§ Exercise: Would you please restate the data exactly as it stands, apart from the pictures?

§ Data extract:
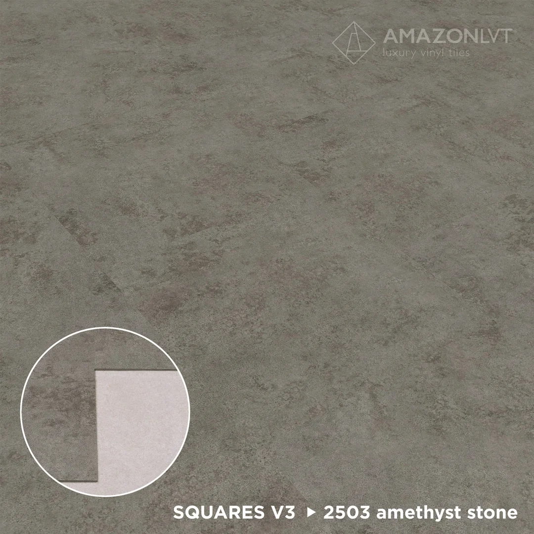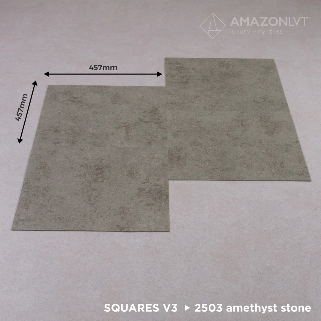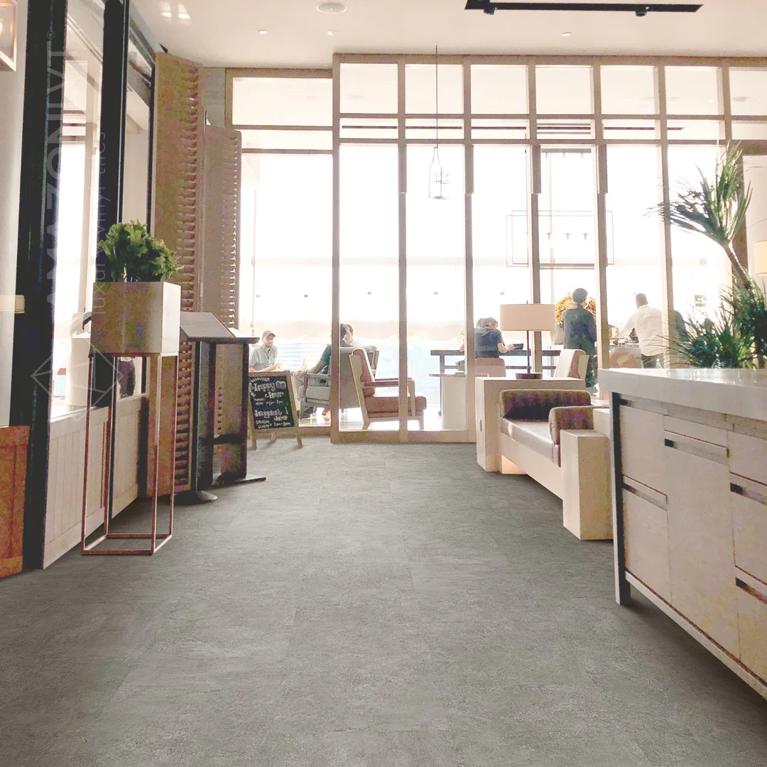 The iconic LVT square series from Korea in granite and stone motifs.
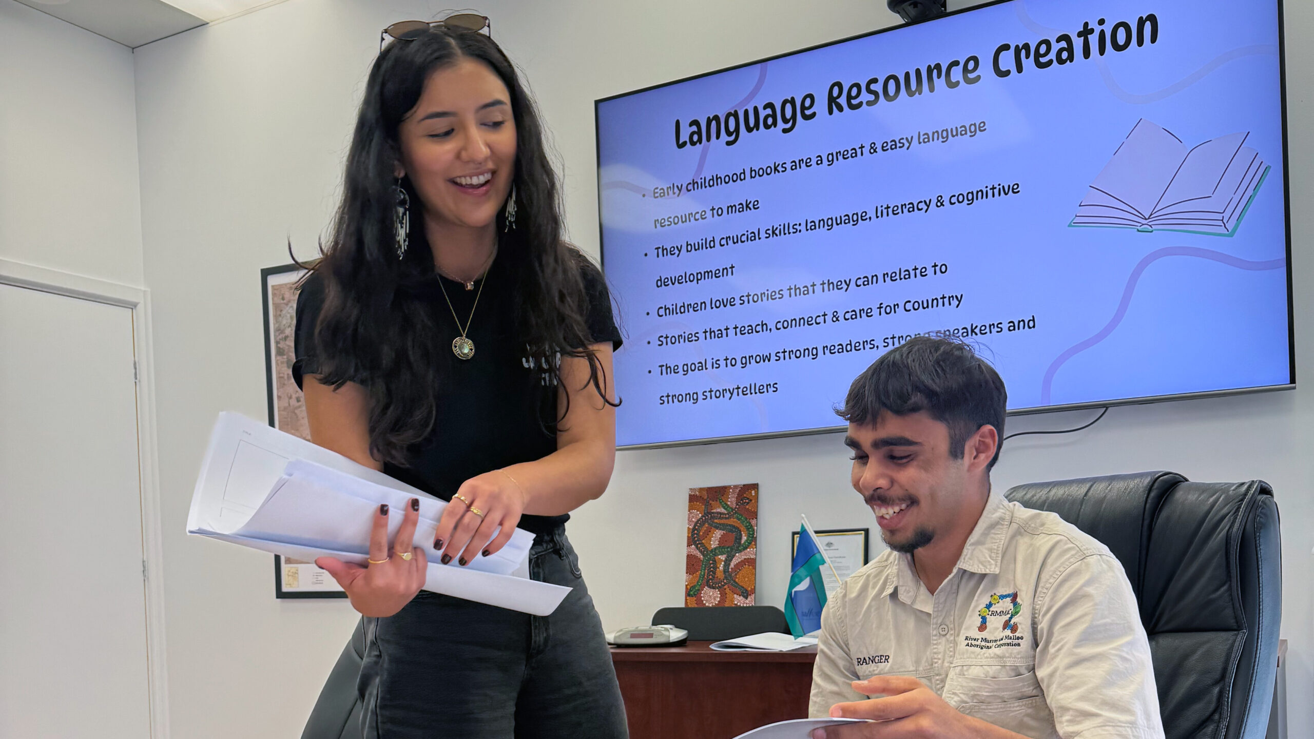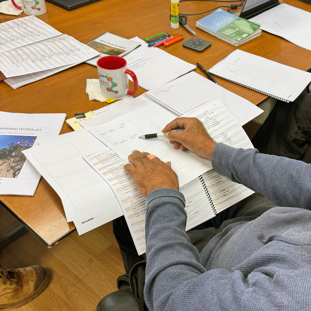 In November 2025, the MLT travelled to Berri to deliver a Ngaiwang storybook workshop at the River Murray and Mallee Aboriginal Corporation (RMMAC) office. The day brought together community members and RMMAC staff for a creative and language-filled workshop focused on Ngaiwang, an important language of the River Murray River region.
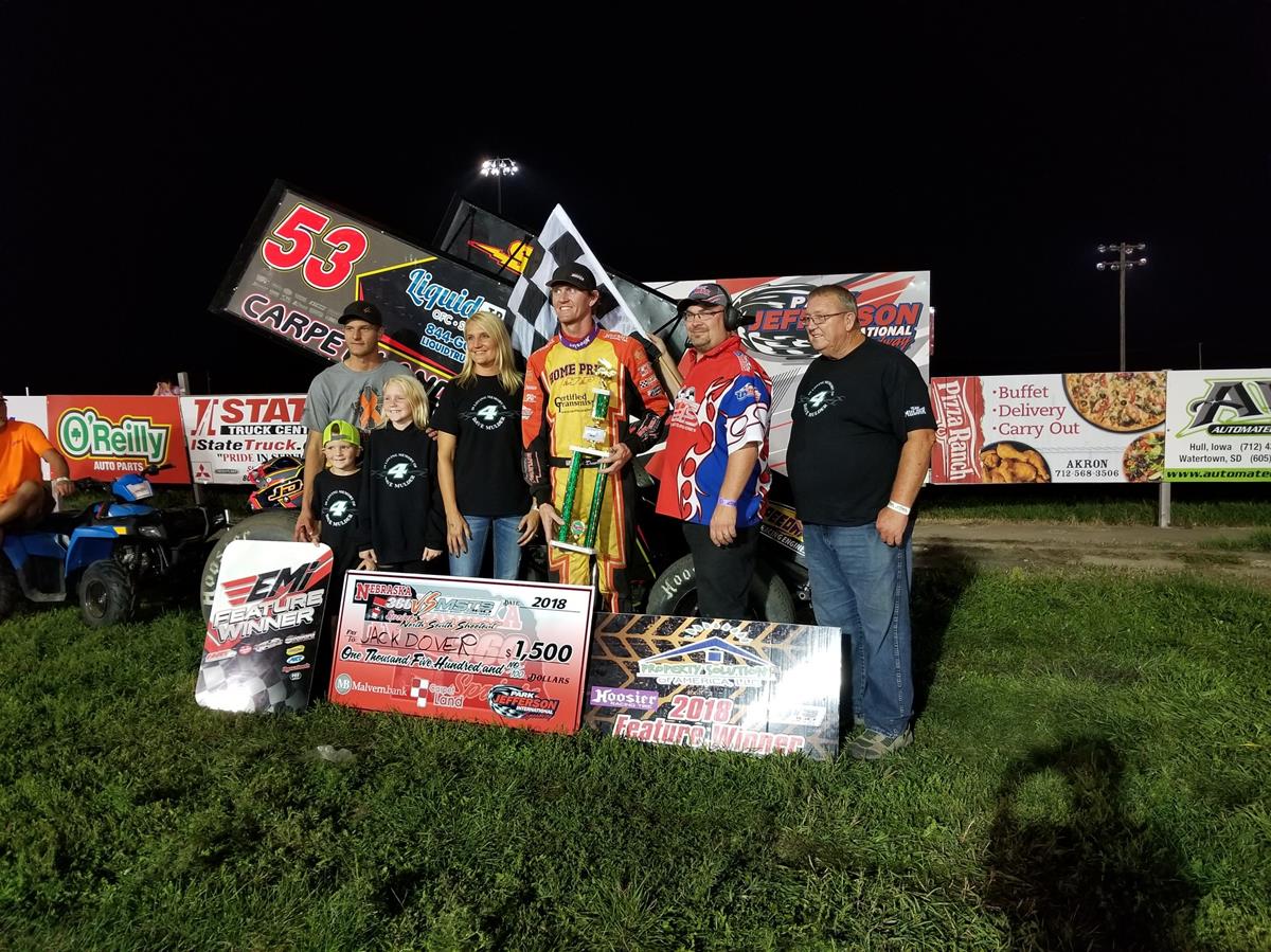 Jack Dover took the lead on the third circuit of Saturday’s feature event at Park Jefferson Speedway. It’s the 7th win with MSTS in 2018 for Dover and 6th with the Nebraska 360s.
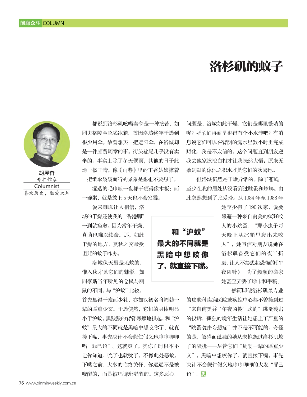 说来难以让人相信,洛城的干燥还使我的“香港脚”一到就痊愈。因为常年干燥,真菌也难以续命。那,如此干燥的地方,夏秋之交最受诅咒的蚊子咋办。

§ Written answer:
 The iconic LVT square series from Korea in granite and stone motifs.
 In November 2025, the MLT travelled to Berri to deliver a Ngaiwang storybook workshop at the River Murray and Mallee Aboriginal Corporation (RMMAC) office. The day brought together community members and RMMAC staff for a creative and language-filled workshop focused on Ngaiwang, an important language of the River Murray River region.
 Jack Dover took the lead on the third circuit of Saturday’s feature event at Park Jefferson Speedway. It’s the 7th win with MSTS in 2018 for Dover and 6th with the Nebraska 360s.
 说来难以让人相信,洛城的干燥还使我的“香港脚”一到就痊愈。因为常年干燥,真菌也难以续命。那,如此干燥的地方,夏秋之交最受诅咒的蚊子咋办。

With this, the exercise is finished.